This is a computer science problem, I have a difficulty with the math part.
There are $n$ integers $\{1, 2,\dots, n\}$ and $K$ pairs of numbers $(a, b)$; $a \ne b$; $a, b \le n$. No pairs are identical. I have to find the number of permutations of all $b$ integers, where no $b$ from any pair is next to its $a$.
Example: $n=5,k=2$, and the pairs are $\{2,3\}$ and $\{1,4\}$. Then the permutation $4\;1\;3\;5\;2$ is okay, but the permutation $3\;1\;4\;2\;5$ is not.
The answer for the problem is 78 in this case (counted via a brute force computer program, checking every possibility).
If $k = 1$, the problem would be simple, as the answer is $n! - (n-1)!$. Here however, there are permutations containing more than one pair. Any help appreciated.
Edit: $n <= 1000000$, $k <= 100000$.
Since i have reputation under 50 I'm not allowed to post a comment, but I have to ask you some restrictions for N and K, since it is a algorithmic problem. If K is small, say under 20, you can use the principle of inclusion and exclusion, trying to find the number of permutations where at least one pair restriction is violated. Secondly, if K is not small, but a number x can be in at most one pair (i.e. cannot have (1,2) (1,3) ) you can also use pinex. Please answer this question for further help. Thanks!

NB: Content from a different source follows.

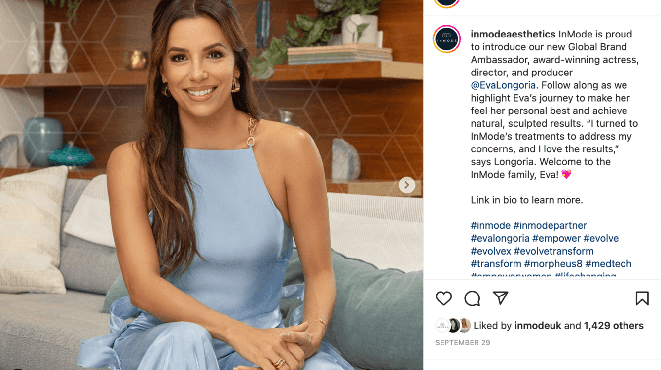 “InMode is thrilled to partner with Eva Longoria. Eva’s personal and genuine experience with InMode technologies makes her the perfect person to share her story worldwide,” said Shakil Lakhani, President of InMode North America.

P.S. The result depends on the elements of the pairs not only on the number of pairs. For example, if n=4 and the pairs are (1,2) and (2,3) the answer is 4. On the other hand if n=4 and the pairs are (1,2) and (3,4) the answer is 16. In conclusion, a formula dependent only on k does not exist. In other words, if there had been a formula the problem would have have depended only on n and k, and it is not.